:: INSTRUCTIONS TO FOLLOW ::
Nothing but the lines below from the first through the one with "A treasure for" should appear, printed exactly; please leave pictures out.

SUPPLIED ENTRIES Block Start

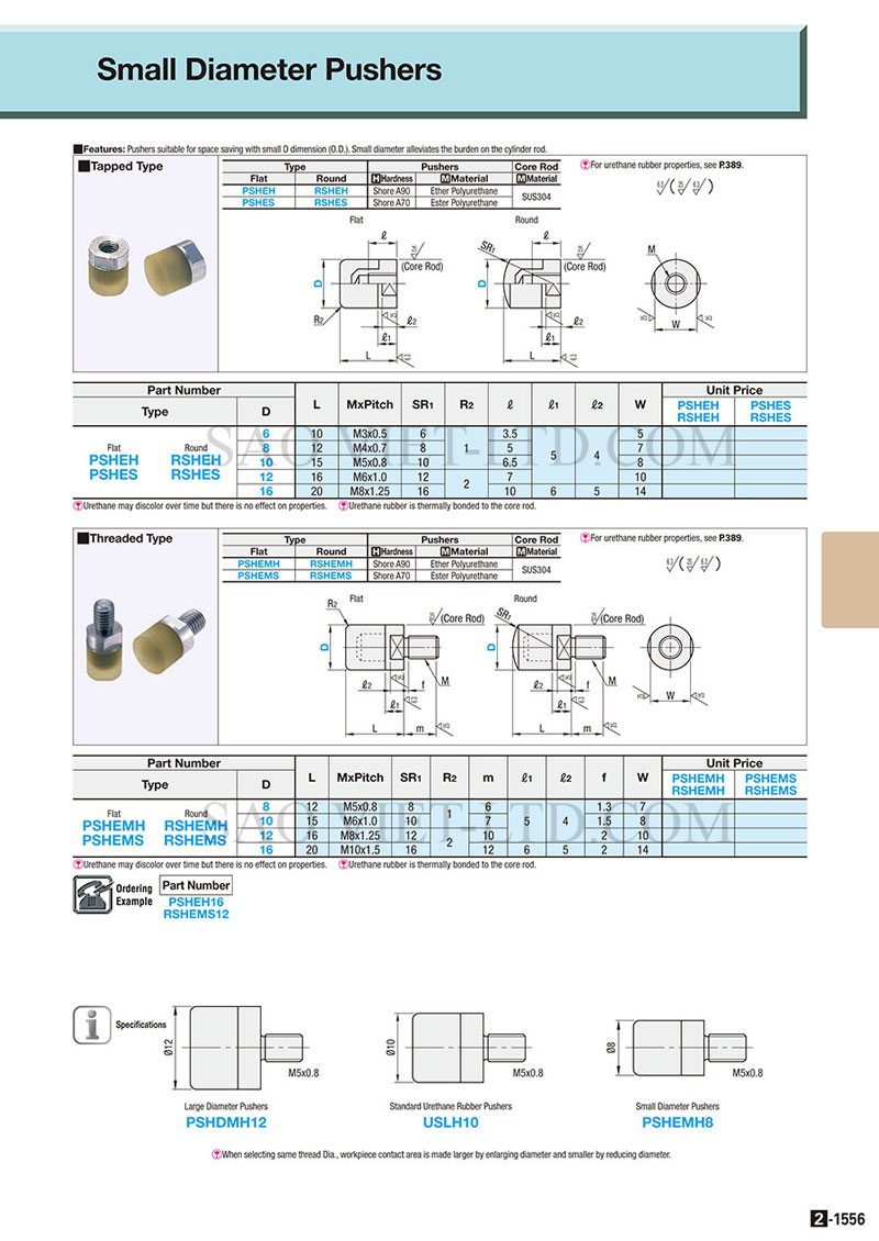 Bảng Thông Số Kỹ Thuật Bộ đẩy đầu xilanh bọc nhựa PU Ren Trong PSHEH
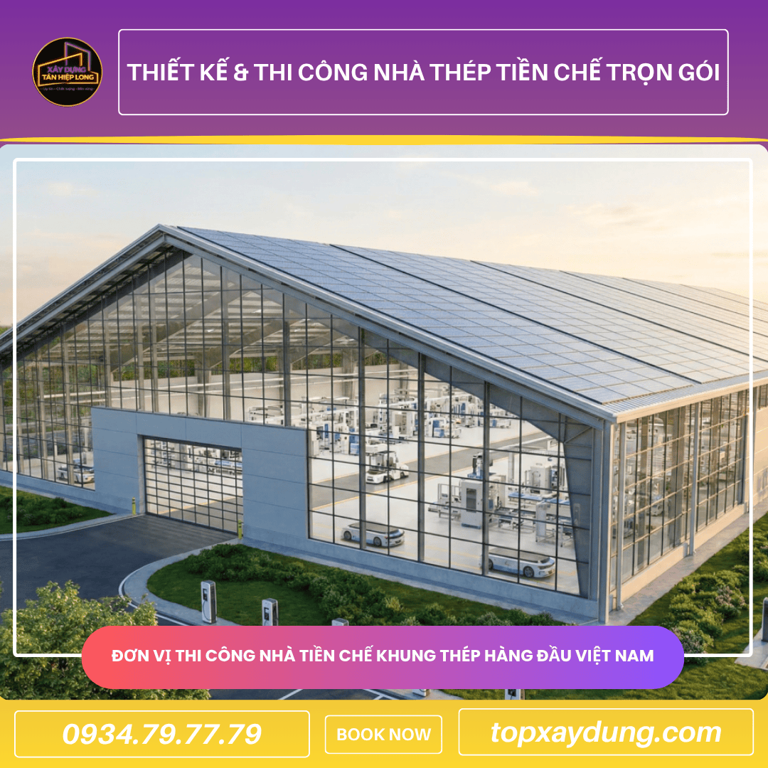 Thi công nhà thép tiền chế trọn gói giá rẻ, thiết kế chuyên nghiệp, thi công nhanh toàn quốc. Báo giá minh bạch – tiết kiệm chi phí. Hotline/Zalo: 0934.79.77.79 - 0966.711.330. Hoặc gửi email yêu cầu: [email protected] - Xem thêm các dự án khác của Xây Dựng Tân Hiệp Long tại: https://topxaydung.com
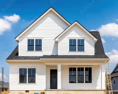 House under construction with siding being painted, workers with brushes and ladders, painting work, finishing touch
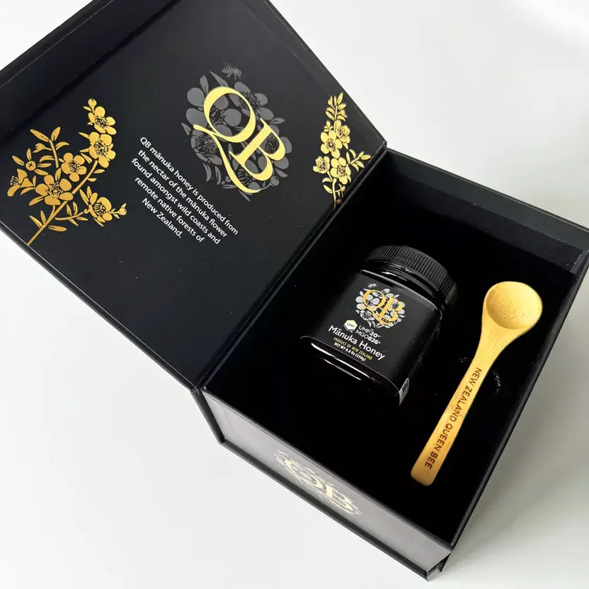 A treasure for natural health enthusiasts, this gift box features a 500g or 500g jar of QB Manuka Honey UMF 20+, renowned for its powerful organic healing properties. Perfect for those who turn to honey as a natural remedy, this premium selection supports overall wellness with every spoonful. Beautifully packaged with an engraved wooden spoon, it’s a luxurious gift for those who value purity and potency in their honey.
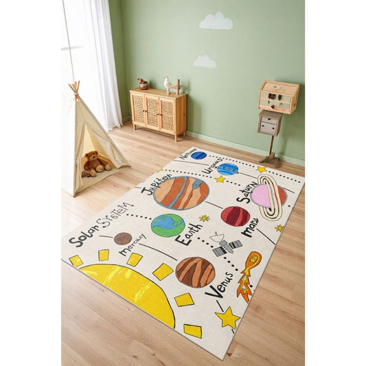 Güneş Sistemi Temalı Dijital Baskı Kaymaz Taban Çocuk Odası Halısı FR169
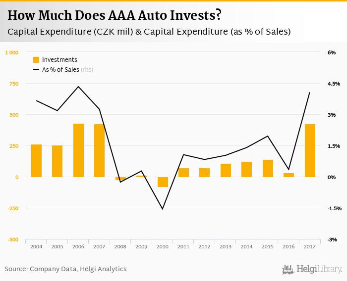 AAA Auto invested a total of CZK 426 mil in 2017, up 1% compared to the previous year. Historically, between 2004 - 2017, the company's investments stood at a high of CZK 428 mil in 2006 and a low of CZK -80.5 mil in 2010.

SUPPLIED ENTRIES Block End

:: SOLVED PROBLEM ::
 Bảng Thông Số Kỹ Thuật Bộ đẩy đầu xilanh bọc nhựa PU Ren Trong PSHEH
 Thi công nhà thép tiền chế trọn gói giá rẻ, thiết kế chuyên nghiệp, thi công nhanh toàn quốc. Báo giá minh bạch – tiết kiệm chi phí. Hotline/Zalo: 0934.79.77.79 - 0966.711.330. Hoặc gửi email yêu cầu: [email protected] - Xem thêm các dự án khác của Xây Dựng Tân Hiệp Long tại: https://topxaydung.com
 House under construction with siding being painted, workers with brushes and ladders, painting work, finishing touch
 A treasure for natural health enthusiasts, this gift box features a 500g or 500g jar of QB Manuka Honey UMF 20+, renowned for its powerful organic healing properties. Perfect for those who turn to honey as a natural remedy, this premium selection supports overall wellness with every spoonful. Beautifully packaged with an engraved wooden spoon, it’s a luxurious gift for those who value purity and potency in their honey.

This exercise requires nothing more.